Le joker est une incroyable réussite, une pépite comme le cinéma hollywoodien en fabrique de plus en plus, et c’est tellement appréciable.
Le Joker est un film qui existe indépendamment de l’univers (filmographique) DC, rien à voir avec la trilogie des Batman de Nolan, et c’est tant mieux !
Je n’ai trouvé presque aucun défaut au film, la performance magistrale de Joaquin Phoenix aidant beaucoup, on frise le chef d’œuvre.
Le rythme est très bien maîtrisé, avec une première partie sur le quotidien d’Arthur et son basculement vers le joker dans un second temps, tout cela réalisé de manière fluide, sans précipitation ni facilités scénaristiques (ce cauchemar ) .
La ville de Gotham bascule en même temps qu’Arthur, d’ailleurs elle est selon moi le second protagoniste de cette histoire et à l’image du premier : fragile, déséquilibré, livrée à elle-même. Elle évolue (spoiler : mal) en même que le joker.
Dans la trilogie de Nolan Gotham passerait presque pour une ville où il fait bon vivre, chez Todd la ville est exactement ce qu’elle est censée être : étouffante, effrayante, on pourrait presque sentir l’odeur des poubelles qui s’accumulent en raison de la grève des éboueurs annoncée au début du film.
Le Joker un produit de la société, le Frankenstein de Gotham. C’est ce qui arrive quand on accumule les laissé-pour-compte, qu’on ne prend pas soin les uns des autres.
A la toute fin du film le Joker
évoque sa condition d’homme malade, abandonné par la société, de toute façon elle aussi malade. La mairie a coupé les subventions des organismes sociaux, impossible pour Arthur de consulter un professionnel, ni de se procurer les médicaments qui (peut-être) le maintenaient dans un état psychologique acceptable
.
On y voit là une critique brute et sans filtre de la société américaine, mais ne nous voilons pas la face ce système arrive chez nous également à grand pas, qui abandonne ses citoyens qui ne rentrent pas dans les cases bien établies par les hommes riches (et blancs, mais c’est un autre sujet).

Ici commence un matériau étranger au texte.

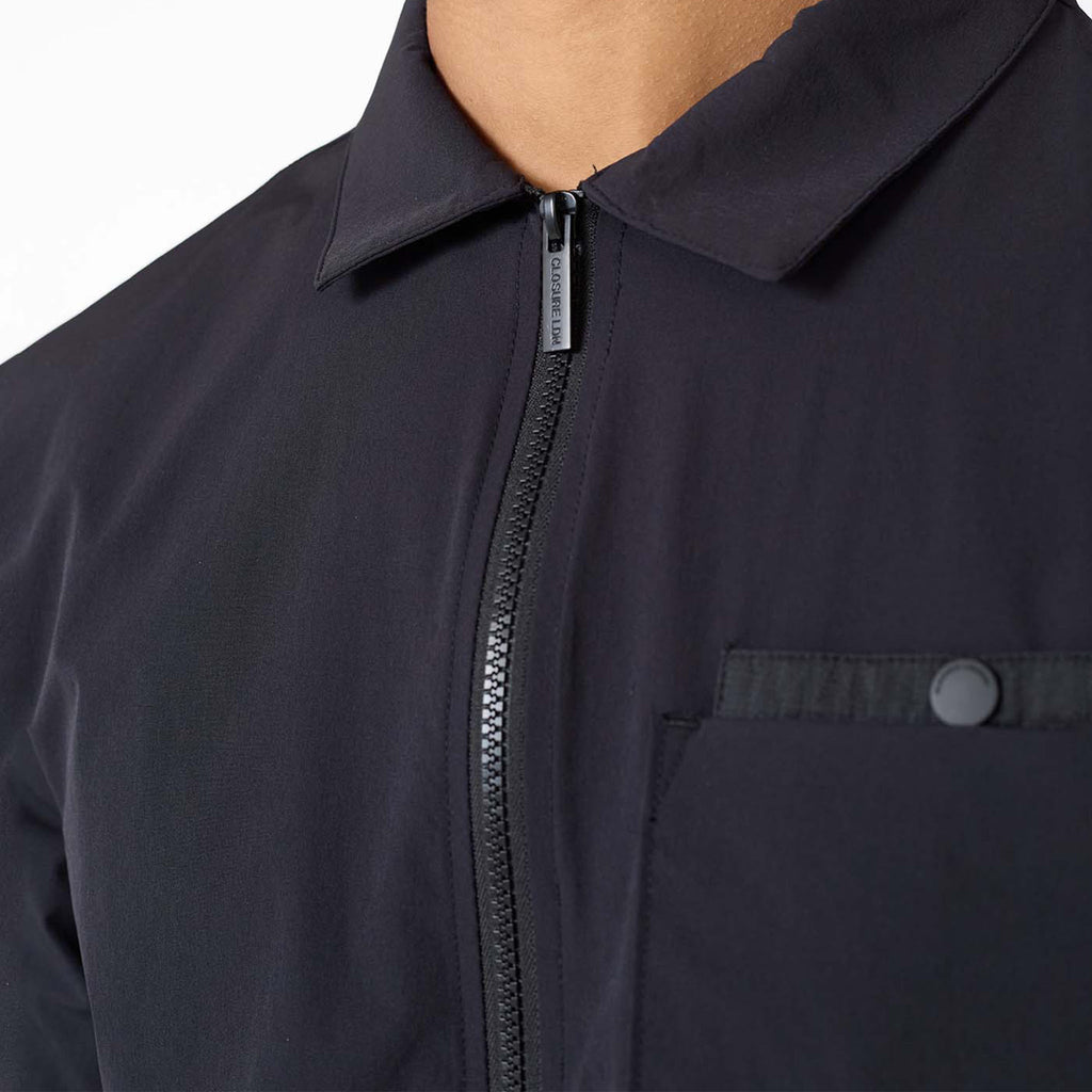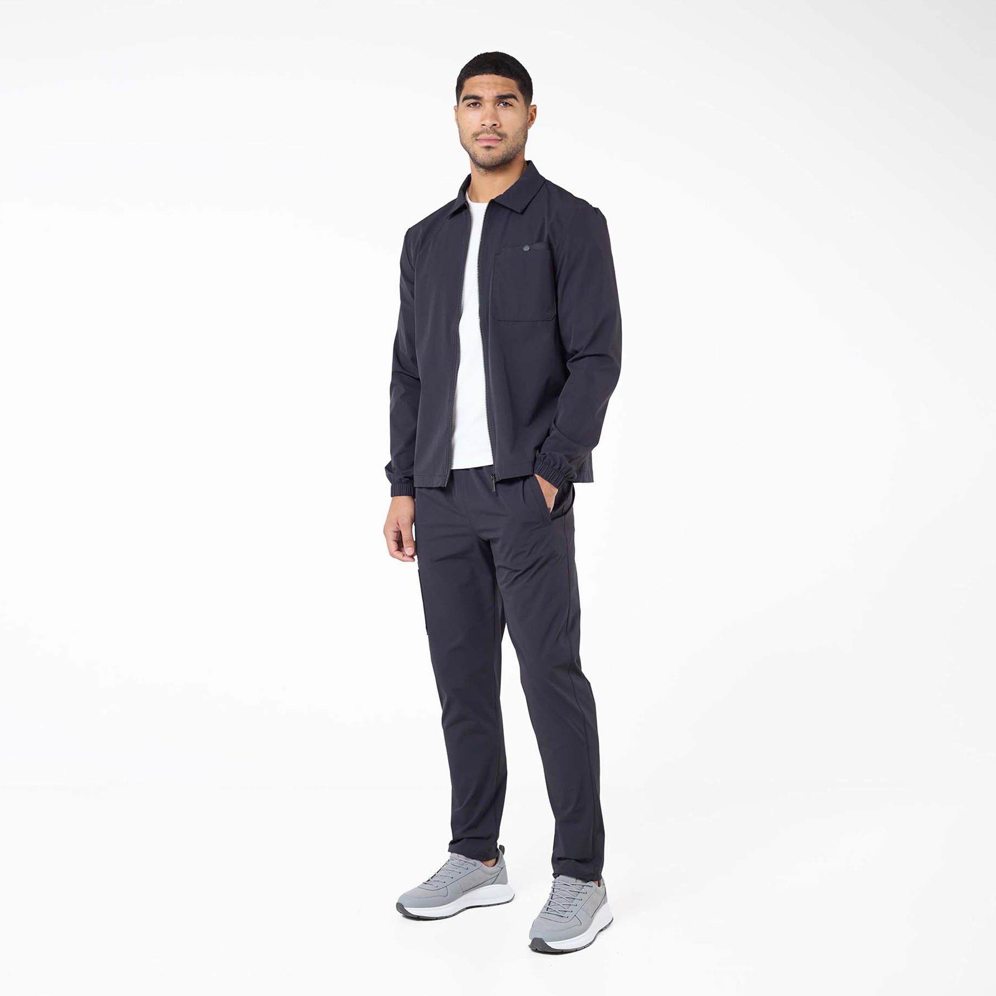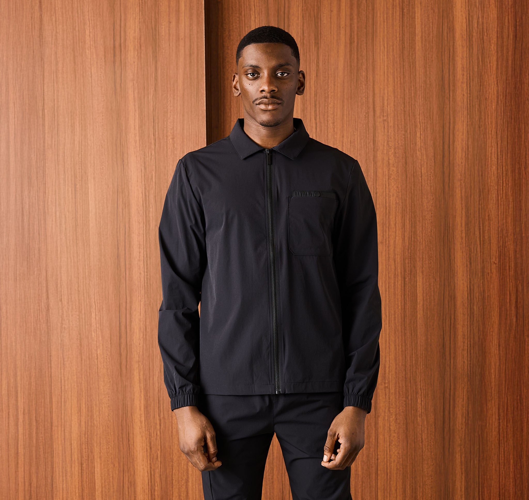 Elevate your layering game with our Double Pocket Tech Overshirt in Black. This versatile overshirt blends sharp style with practical details, perfect for a modern aesthetic. It features a crisp self-fabric collar with edge stitch and a structured collar stand for a refined finish. The smooth zip fastening is equipped with a branded zip pull. Functionality meets design with a unique double-layered chest patch pocket secured by a press stud fastening. The self-fabric elasticated cuffs and self-turn hem provide a neat, comfortable fit. A subtle Closure London branded metal badge adds a touch of premium quality, while the rear yoke seam with single edge stitch enhances its tailored aesthetic.

Concernant le scénario la seule petite faille est
selon moi le lien de parenté entre Bruce et Arthur (mais on ne saura jamais la vérité, la mère d’Arthur a visiblement des troubles mentaux, mais le père de Bruce semble être l’exact opposé de l’homme droit et bon de la trilogie de Nolan, le doute est donc bien présent pour ma part quand à un internement de force et une falsification du dossier psychiatrique pour se débarrasser de cette maîtresse encombrante).
Enfin, il faut souligner l’ambivalence des sentiments qui traversent le spectateur pendant ces 2h00. On a l’impression de ressortir de là un peu fou, un peu dingue de ressentir une empathie certaine pour Arthur et un dégout pour le Joker. Arthur m’a faite pleurer, j’avais mal et la respiration bloquée pendant les scènes où son handicap le torture.
C’est tout le sujet du film : l’empathie et aussi le dégoût, qui nous tord le ventre successivement et nous laisse un peu ahuri en sortant de la salle.
J’ai lu un certain nombre d’articles concernant la polémique (made in America of course) de la prétendue apologie de la violence du film (spoiler : les américains si vous me lisez, un film ne rend pas les gens violents, l’accès total aux armes à feu par contre, si) et bien sûr ces polémiques sont absurdes, où en est-on quand préfère prendre un film comme bouc émissaire plutôt que de remettre en question nos modes de vie ?
Le joker épargne son ancien collègue de sa folie meurtrière car il a été le seul à le traiter correctement,
c’est ici la seule et si simple morale du film : il faut que ça change, la façon dont on traite les autres.
Ps : filez 1000 oscars à Joaquin Phoenix, merci, bisou.